Moreover, research activities related to cancer are higher in the region due to favorable funding and high investments, which help manufacturers develop and launch novel therapies. In addition, the favorable reimbursement scenario in the region makes the highly expensive drugs available at affordable prices to the patients, making them accessible to those in need. Also, due to stringent regulatory guidelines for product approval, the launch of target therapies in the U.S. initially will provide a positive nod for universal acceptance, hence, the majority of the product innovators focus on launching their product initially in this region.

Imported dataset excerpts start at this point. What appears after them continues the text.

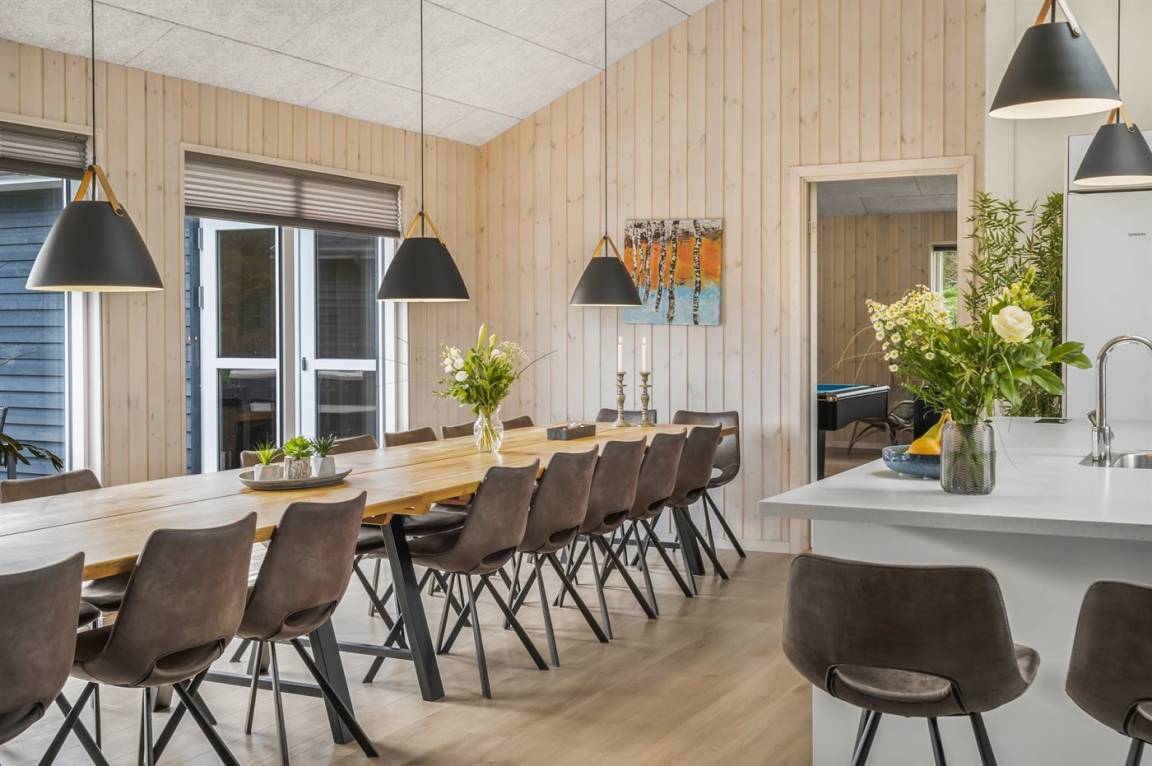 In der Nähe vom schönen Sandstrand, im attraktiven Ferienhausgebiet von Ålbæk liegt dieses schöne Ferienhaus mit Platz für 24 Personen. Hier haben Sie die Möglichkeit, einen Urlaub in entspannter Umgebung und doch in der Nähe der beliebten Stadt Skagen und den vielen Sehenswürdigkeiten Nordjütlands, wie z Råbjerg Mile, das Adlerreservat und den Palmenstrand, zu verbringen.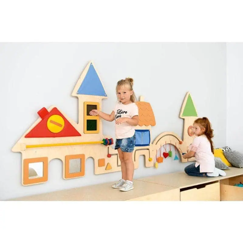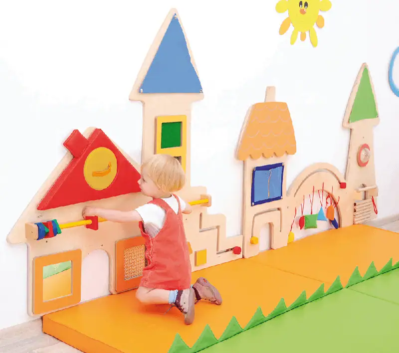 The child learns colors and shapes. A toddler plays by moving shapes placed on rails along the wall. A child practices touch by exploring texture of colorful stamps (smooth and rough), explores hanging colorful objects.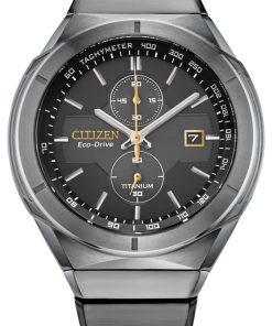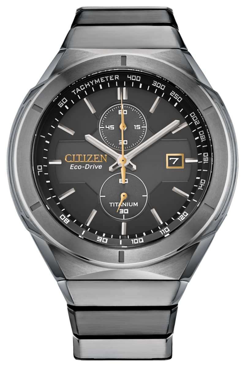 Citizen Super Titanium Armor 44mm Chronograph Watch w/ Grey Dial w/ Yellow Accents & Super Titanium Bracelet, Model CA7058-55ETitanium is the fourth most abundant structural metal on Earth. An incredible and lightweight material that doesn??t react to sunlight, saltwater or body chemistry, it reduces the potential of metal allergic reaction and is corrosion-resistant. In 1970, we launched the world??s first watch using solid titanium: the X-8 Chronometer. The name is a combination of X ?C representing the unknown ?C and 8, evoking the infinity symbol. It??s an expression of the boundless possibilities of titanium, a relatively unknown material at the time. We went on to build our Super Titanium? collection, producing notable timepieces throughout the year. Features Movement Technology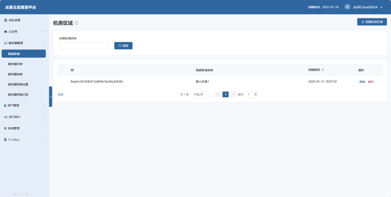 3、点击“创建机房区域”按钮可创建新的机房区域,在服务器列表页面可对服务器所属的区域进行编辑。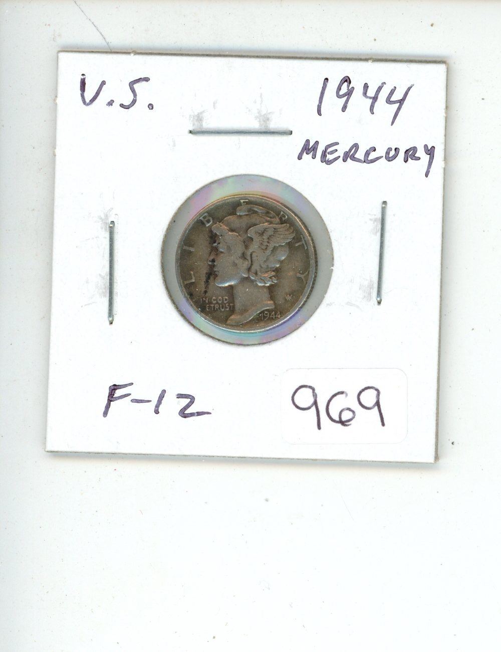 U.S. 1944 Mercury Silver Dime. Philadelphia Mint. F-12.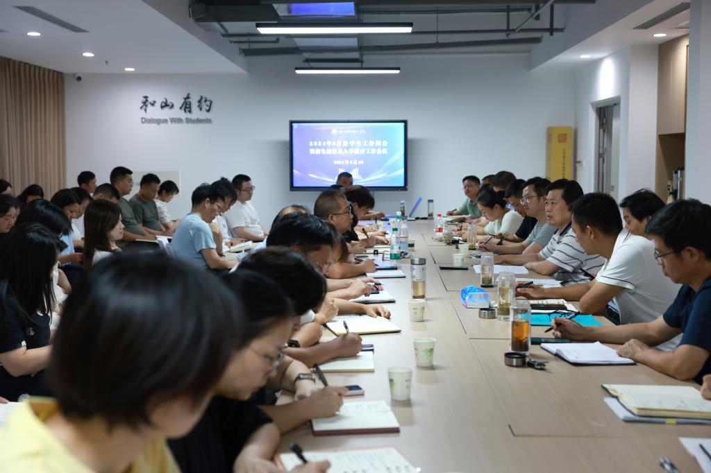 学工部负责人安排布置了老生开学工作和“惠游十堰”、“大学生消费”工作、2024级新生接待工作及新生入学教育、军训、大学生修身计划、一站式社区(含二级学院驿站)等工作。招办负责人通报了2024年新生录取情况。团委负责人做了暑期大学生社会实践总结和开学团学工作安排。后勤管理处负责人介绍了开学后勤保障工作。保卫处负责人强调了安全工作。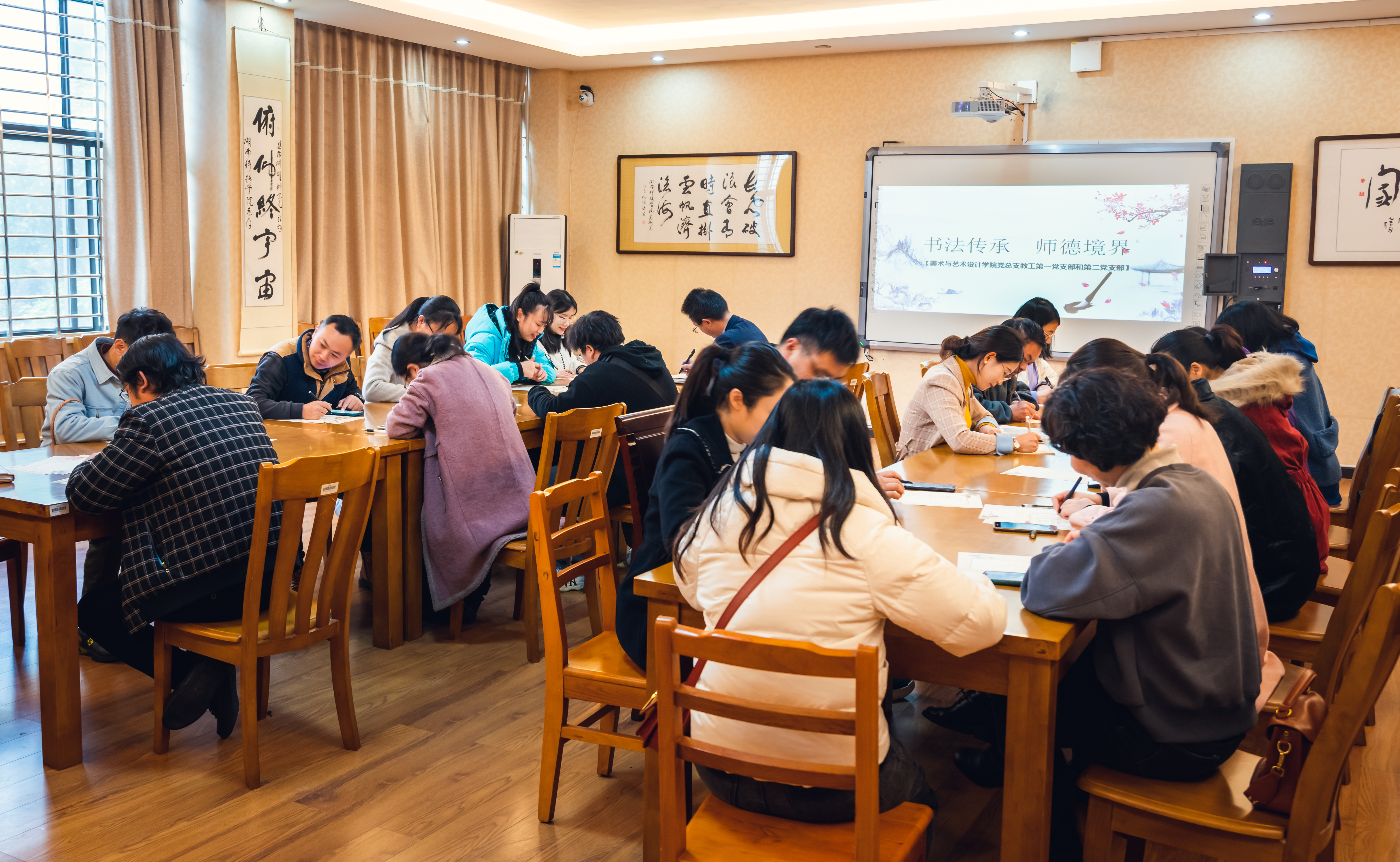 本网讯 11月16日下午,美术与艺术设计学院党总支组织教师党员开展“学习六中全会精神 树立优良师德师风”主题党日活动。全体党员通过学习研讨、硬笔书法大赛等方式,学习十九届六中全会精神,切实加强师德师风教育。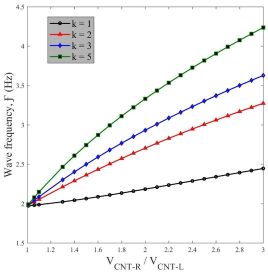 - The CNTs volume fraction at both sides of the beam, has a meaningful influence on the wave propagation. The volume fraction at the left side of the beam () and the ratio has a hardening effect on the structure, with an improved response in terms of wave frequency and phase velocity.

Targeted Therapy Market Major Players

The major players in the targeted therapy market are F. Hoffmann-La Roche Ltd, Novartis AG, Pfizer Inc., AstraZeneca, Eisai Inc., Johnson & Johnson Services, Inc., Bristol-Myers Squibb Company., Incyte, Eli Lilly and Company, and Exelixis, Inc., among others.

Key Development

In May 2025, the U.S. Food and Drug Administration (FDA) provided accelerated approval for EMRELIS (telisotuzumab vedotin-tllv) developed by AbbVie, for the treatment of adult patients with locally advanced or metastatic, non-squamous non-small cell lung cancer (NSCLC) with high c-Met protein overexpression (OE) who have received a prior systemic therapy.

In March 2025, Genmab A/S announced that the Japan Ministry of Health, Labour and Welfare approved TIVDAK (tisotumab vedotin) for the treatment of advanced or recurrent cervical cancer that has progressed on or after cancer chemotherapy. TIVDAK is an antibody drug conjugate that received first approval in Japan for cervical cancer patients.

In October 2024, Genentech a member of the Roche Group, announced that the U.S. FDA approved Itovebi (inavolisib) a targeted therapy, in combination with palbociclib (Ibrance) and fulvestrant, for the treatment of adults with endocrine-resistant, PIK3CA-mutated, hormone receptor (HR)-positive, human epidermal growth factor receptor 2 (HER2)-negative, locally advanced or metastatic breast cancer.